3. Don’t set it and forget it
Be actively involved when it comes to your retirement account. The asset allocation that you set when you first started working and began investing will need to be adjusted. Meaning, you want to diversify your 401(k) by allocating your investments among different asset classes, which include stocks (large-cap, small-cap, growth, international, etc.), bonds, cash, and real estate investment trusts (REITs). Since different asset classes react in different ways to changing market conditions, the right asset allocation mix according to your risk tolerance and retirement time horizon can possibly increase your potential for better returns. For instance, you may have less of your retirement funds allocated to stocks as you get closer to retirement age, as the risk of losing money increases with less time to recoup from losses.
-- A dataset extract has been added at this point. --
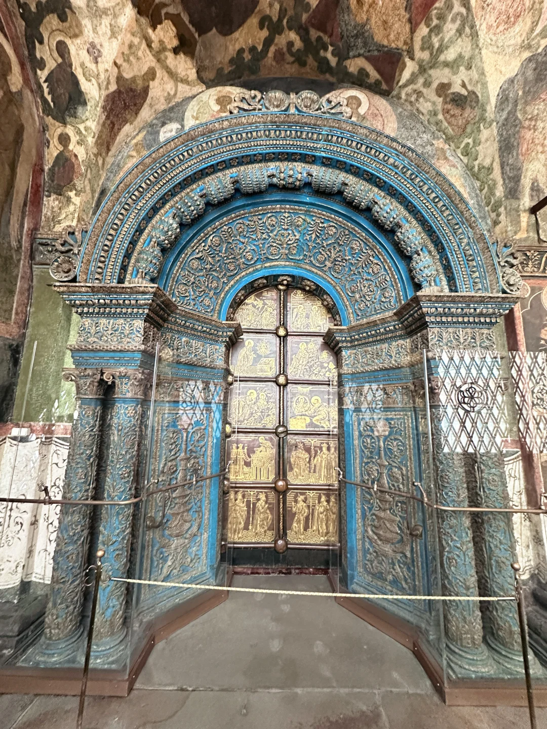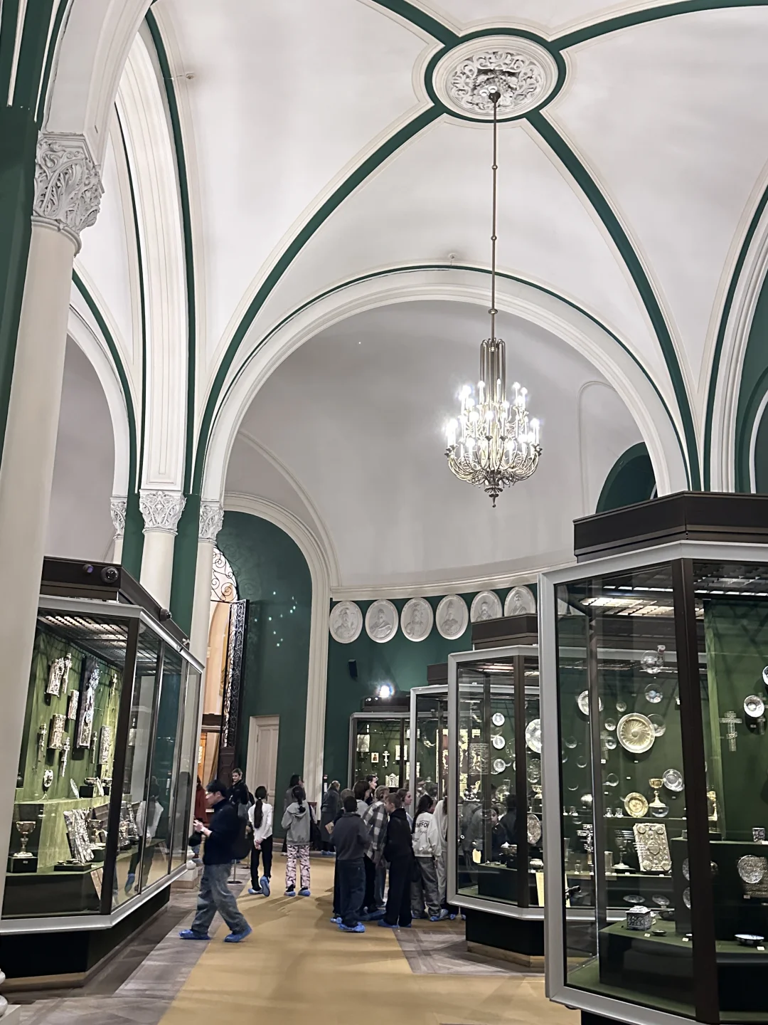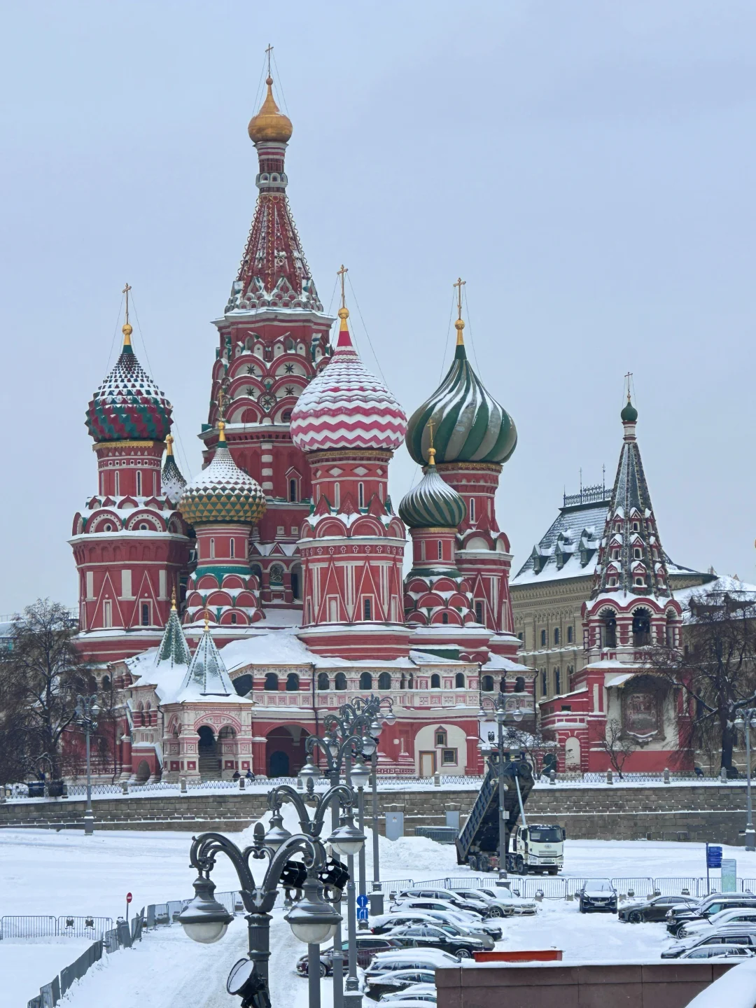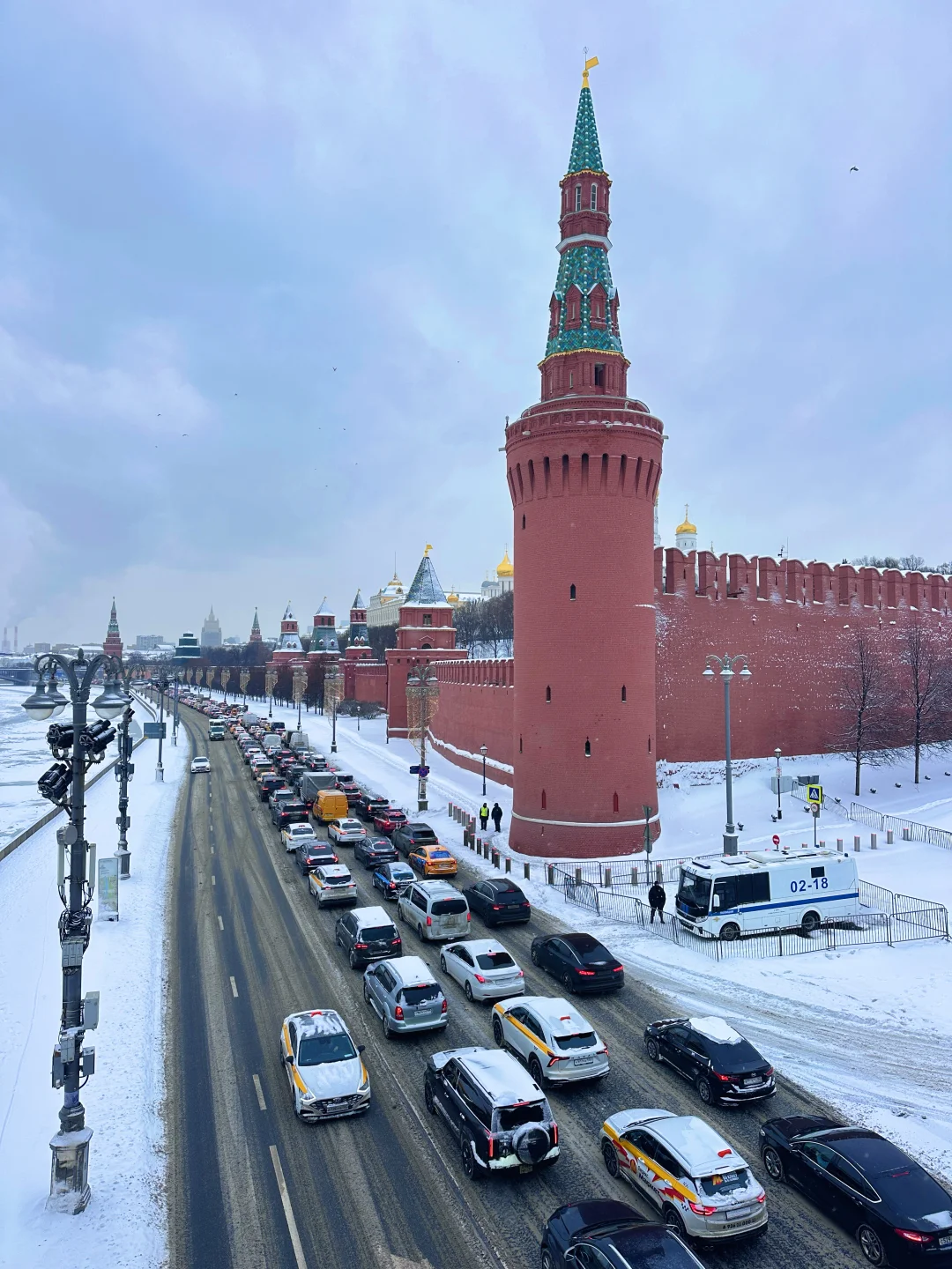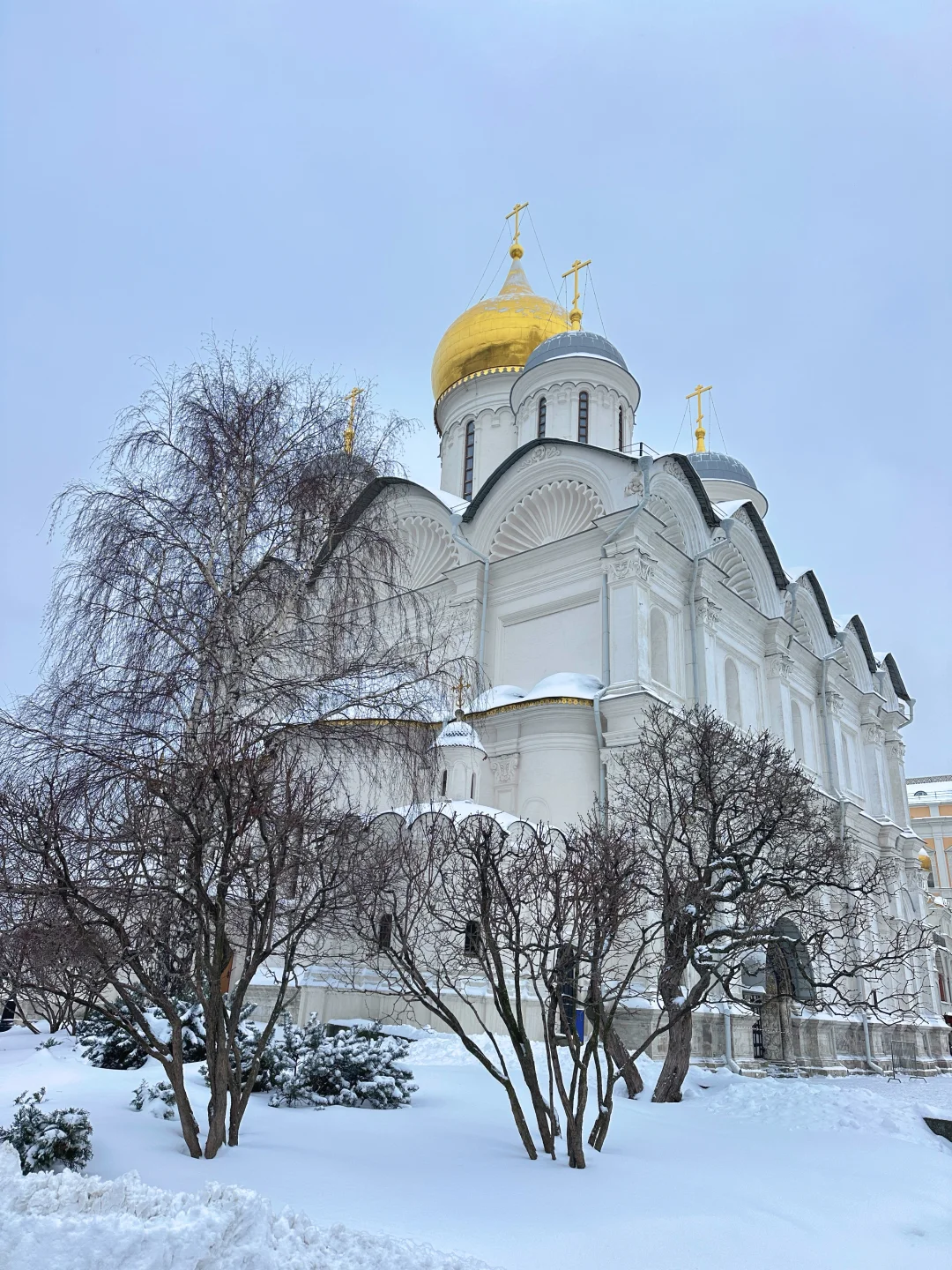 莫斯科之行的终极期待,终于在踏入克里姆林宫的那一刻圆满落地! 早上十点,我们从酒店出发,地铁2号线简直是出行神器,两站直达剧院站,出站没多久就望见了克里姆林宫的轮廓,因为提前约好了下午1点的教堂区参观和4点半的军械库打卡,时间还很充裕,领队索性带我们沿克宫外围慢逛。红墙巍峨地矗立在眼前,砖石被岁月磨得温润却依旧挺拔,每一道纹路都藏着故事,厚重感扑面而来。随手举起手机,无论是红墙与白雪的碰撞,还是墙角光影的交织,张张都是自带电影感的大片,同行的伙伴们快门声就没停过。顺路拐进古姆百货,明亮的穹顶、精致的橱窗瞬间让人眼前一亮,提前踩点伴手礼采购地点啦。 午后一点,教堂区的大门准时为我们敞开,专业讲解的加入让这场参观直接升级!没有枯燥的文字堆砌,一个个关于皇家的轶事娓娓道来,让我们彻底沉浸式走进了俄罗斯的过往。天使报喜大教堂绝对是颜值担当,1489年的老建筑依旧焕发着生机,9座金色洋葱顶在阳光下闪着耀眼的光,精巧得像童话里的城堡,这里曾见证了无数皇族的洗礼与婚礼;转身走进天使长教堂,氛围瞬间变得庄严肃穆,彼得大帝迁都前的历任沙皇都长眠于此,踏入其中,仿佛能听见时光在耳边轻轻低语,诉说着那些尘封的岁月;作为教堂群核心的圣母升天大教堂,更是把皇家威仪拉满!历代沙皇的加冕仪式都在这里举行,殿内那座木制雕刻沙皇宝座,工艺精湛到让人惊叹,每一处纹饰都细节拉满,直到下午两点半,我们才在恋恋不舍中离开。 离军械库进入还有两小时,大家一致决定二刷古姆百货!这次不再是匆匆打卡,而是静下心来精挑细选伴手礼,浓郁的巧克力、别致的冰箱贴、精美的套娃,每一样都让人爱不释手。 下午四点半,军械库的参观准时开启。这座19世纪的俄罗斯古典主义建筑本身就极具看点,对称的结构、精致的浮雕,光是外观就足够让人驻足。可走进内部,才知道什么叫真正的“惊艳”!作为俄罗斯顶级博物馆,这里的珍藏完全超出了我的期待:沙皇的皇冠、宝座、权杖,镶嵌着密密麻麻的珍稀宝石,流光溢彩,华丽到让人挪不开眼;大名鼎鼎的法贝热彩蛋,每一件都精巧绝伦,细节处的巧思让人叹为观止;还有各式盔甲和武器,静静陈列在展柜中,尽显霸气,仿佛能让人窥见那段波澜壮阔的战争岁月。 一天的克里姆林宫之行,从外围漫步的惬意,到教堂区的沉浸,再到军械库的震撼,这场与莫斯科的深度邂逅,将成为最难忘的珍贵回忆。

There are two general approaches to when you should rebalance your 401(k) account. One is to rebalance on a regular time schedule, such as quarterly, semi-annually, or annually. The other approach is to rebalance when the allocation is a certain number of percentage points away from its target due to the difference in performance between funds in your 401(k) account over time. For example, a 401(k) participant with a 50% stocks, 50% bonds target allocation might rebalance when stocks are more than 55% or less than 45% due to changing market conditions. You need to closely monitor fund balances in your account for this approach, comparing ending balances to the target allocation for each fund. To rebalance means to sell enough of the funds above your target and buy enough of the funds that are below your target.
5. Read your statements
“Not looking at your statement is like throwing money away,” says Anderson. “These statements contain a lot of information and plenty of numbers, so it can be all too easy to just look at the bottom-line figure and ignore everything else.”
Some key things to pay attention to are your expense ratio and fees for each mutual fund in your account. Did you know that just 1% in fees and expenses reduces your account balance at retirement by 28%, eating away at your returns? If you find you are paying more than 1% a year in expense ratios or high fees, you need to get an explanation from your 401(k) manager, and consider possibly moving your money to another fund.